Provided data →

-- Opening Marker --

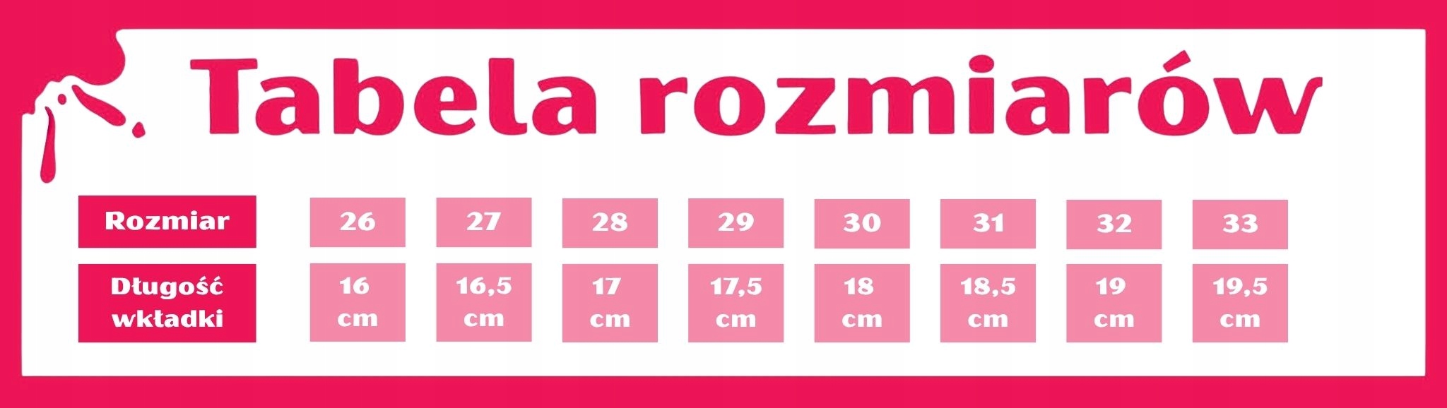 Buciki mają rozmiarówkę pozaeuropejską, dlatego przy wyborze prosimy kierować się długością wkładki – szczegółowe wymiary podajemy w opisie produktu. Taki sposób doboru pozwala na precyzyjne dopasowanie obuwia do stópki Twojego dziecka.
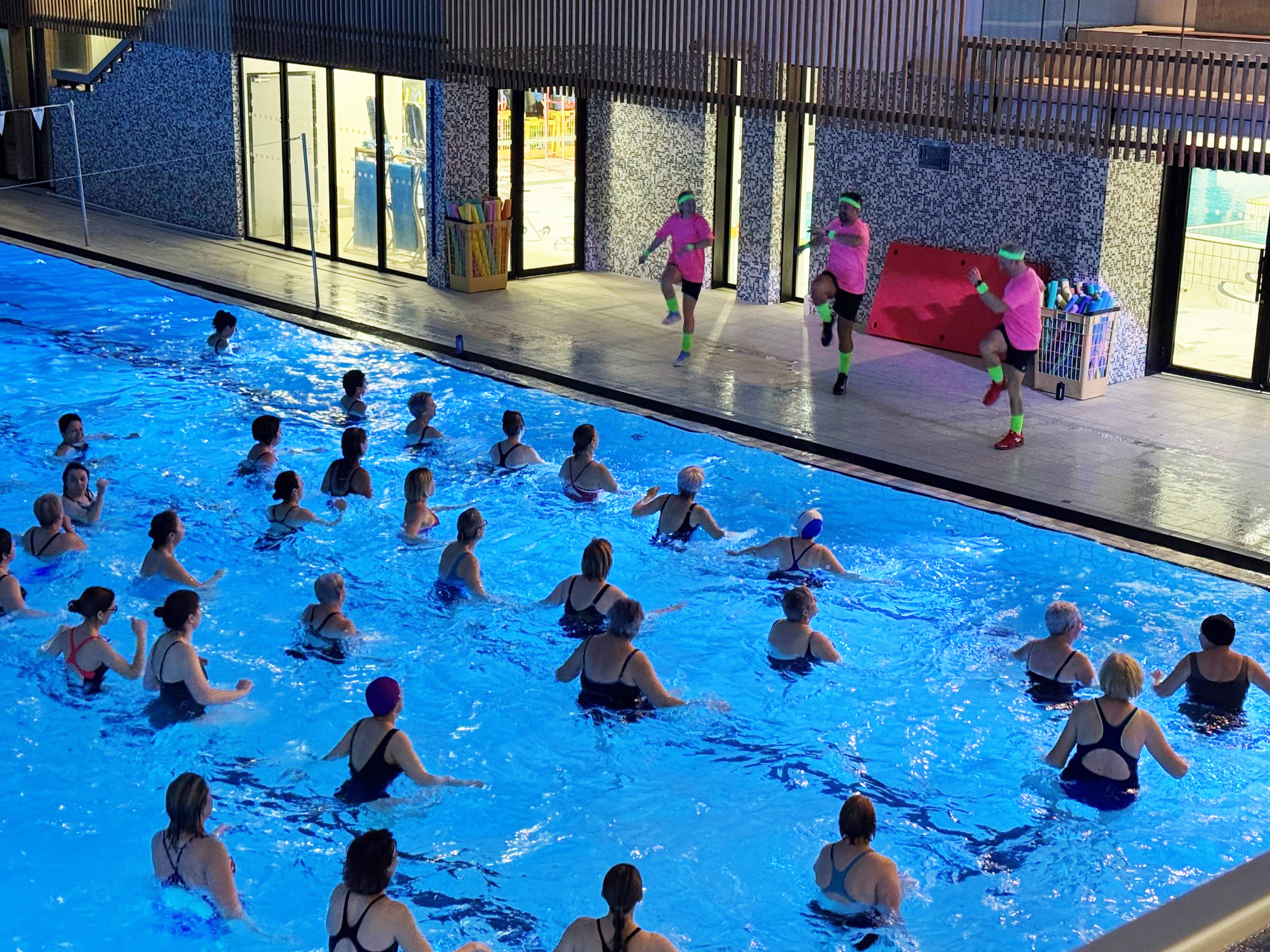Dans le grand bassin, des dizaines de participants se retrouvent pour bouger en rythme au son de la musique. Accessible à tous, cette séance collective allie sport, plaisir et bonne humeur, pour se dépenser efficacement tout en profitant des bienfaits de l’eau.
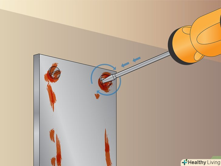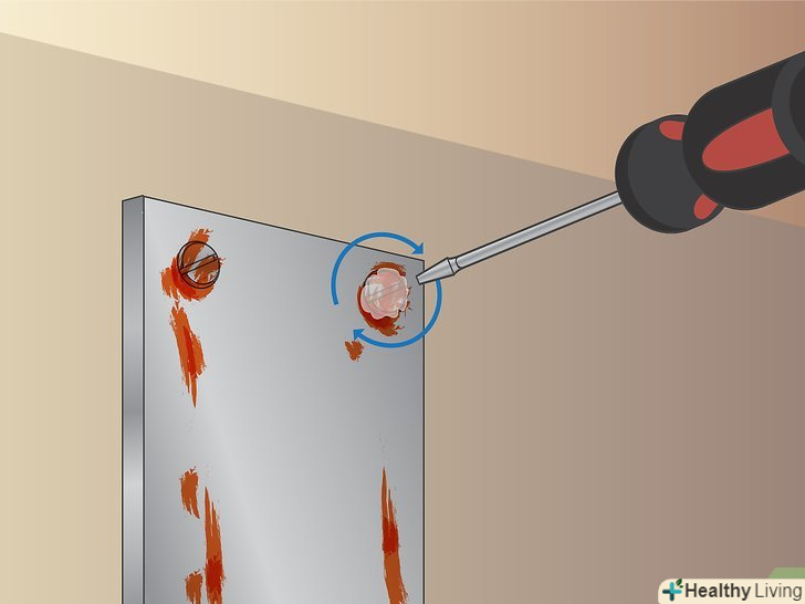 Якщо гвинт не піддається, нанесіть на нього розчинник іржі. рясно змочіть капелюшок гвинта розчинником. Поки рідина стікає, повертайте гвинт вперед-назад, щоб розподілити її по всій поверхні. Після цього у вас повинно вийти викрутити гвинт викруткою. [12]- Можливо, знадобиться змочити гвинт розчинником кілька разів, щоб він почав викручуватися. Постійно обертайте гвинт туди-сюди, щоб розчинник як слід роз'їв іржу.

-- Closing Marker --
-- Opening Marker --

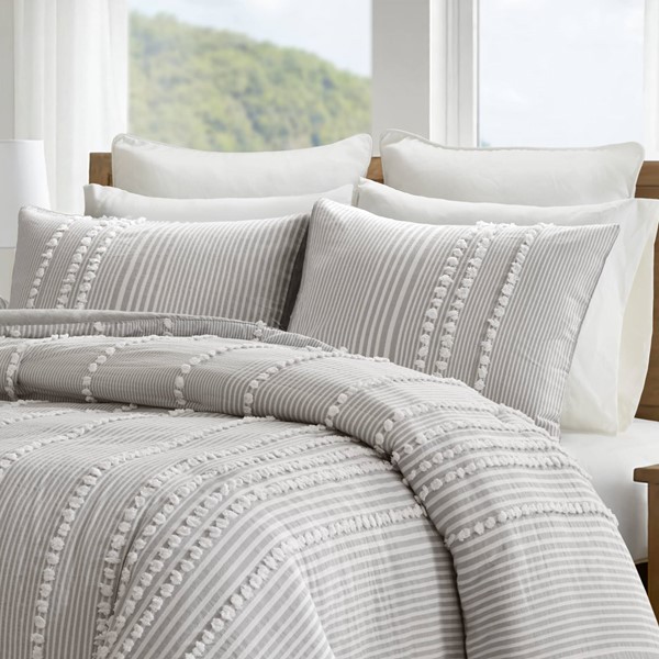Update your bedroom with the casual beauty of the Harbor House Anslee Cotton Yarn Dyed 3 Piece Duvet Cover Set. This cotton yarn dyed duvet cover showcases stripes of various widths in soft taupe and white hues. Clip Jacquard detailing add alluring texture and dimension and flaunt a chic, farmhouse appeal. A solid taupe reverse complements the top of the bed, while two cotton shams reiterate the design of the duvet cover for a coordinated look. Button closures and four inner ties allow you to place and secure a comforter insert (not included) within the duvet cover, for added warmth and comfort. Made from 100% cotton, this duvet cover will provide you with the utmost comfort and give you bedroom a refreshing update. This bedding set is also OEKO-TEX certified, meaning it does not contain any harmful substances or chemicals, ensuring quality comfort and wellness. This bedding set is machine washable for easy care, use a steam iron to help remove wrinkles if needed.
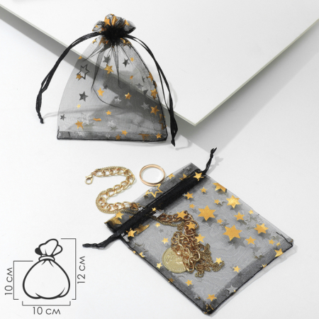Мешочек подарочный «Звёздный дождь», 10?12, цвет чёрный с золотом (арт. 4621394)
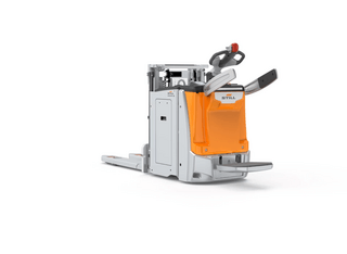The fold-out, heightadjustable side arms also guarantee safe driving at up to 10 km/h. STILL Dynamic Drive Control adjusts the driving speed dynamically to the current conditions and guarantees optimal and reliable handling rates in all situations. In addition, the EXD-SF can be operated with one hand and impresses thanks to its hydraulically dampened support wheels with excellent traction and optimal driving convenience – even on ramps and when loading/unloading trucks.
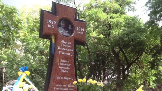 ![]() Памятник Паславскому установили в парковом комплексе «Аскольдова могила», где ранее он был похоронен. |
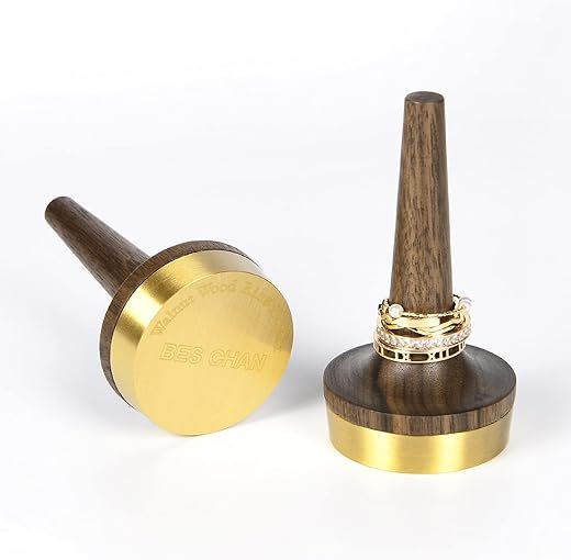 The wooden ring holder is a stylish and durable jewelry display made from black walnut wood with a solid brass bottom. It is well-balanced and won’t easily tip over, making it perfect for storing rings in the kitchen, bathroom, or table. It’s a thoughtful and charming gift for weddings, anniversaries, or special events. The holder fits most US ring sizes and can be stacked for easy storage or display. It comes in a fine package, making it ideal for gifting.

-- Closing Marker --

Task prompt →
Reproduce word for word, with pictures dropped, only the part of the material above that opens with the line containing "Update your bedroom" and closes with the line containing "The wooden ring".

Solution →
Update your bedroom with the casual beauty of the Harbor House Anslee Cotton Yarn Dyed 3 Piece Duvet Cover Set. This cotton yarn dyed duvet cover showcases stripes of various widths in soft taupe and white hues. Clip Jacquard detailing add alluring texture and dimension and flaunt a chic, farmhouse appeal. A solid taupe reverse complements the top of the bed, while two cotton shams reiterate the design of the duvet cover for a coordinated look. Button closures and four inner ties allow you to place and secure a comforter insert (not included) within the duvet cover, for added warmth and comfort. Made from 100% cotton, this duvet cover will provide you with the utmost comfort and give you bedroom a refreshing update. This bedding set is also OEKO-TEX certified, meaning it does not contain any harmful substances or chemicals, ensuring quality comfort and wellness. This bedding set is machine washable for easy care, use a steam iron to help remove wrinkles if needed.
Мешочек подарочный «Звёздный дождь», 10?12, цвет чёрный с золотом (арт. 4621394)
The fold-out, heightadjustable side arms also guarantee safe driving at up to 10 km/h. STILL Dynamic Drive Control adjusts the driving speed dynamically to the current conditions and guarantees optimal and reliable handling rates in all situations. In addition, the EXD-SF can be operated with one hand and impresses thanks to its hydraulically dampened support wheels with excellent traction and optimal driving convenience – even on ramps and when loading/unloading trucks.
 ![]() Памятник Паславскому установили в парковом комплексе «Аскольдова могила», где ранее он был похоронен. |
 The wooden ring holder is a stylish and durable jewelry display made from black walnut wood with a solid brass bottom. It is well-balanced and won’t easily tip over, making it perfect for storing rings in the kitchen, bathroom, or table. It’s a thoughtful and charming gift for weddings, anniversaries, or special events. The holder fits most US ring sizes and can be stacked for easy storage or display. It comes in a fine package, making it ideal for gifting.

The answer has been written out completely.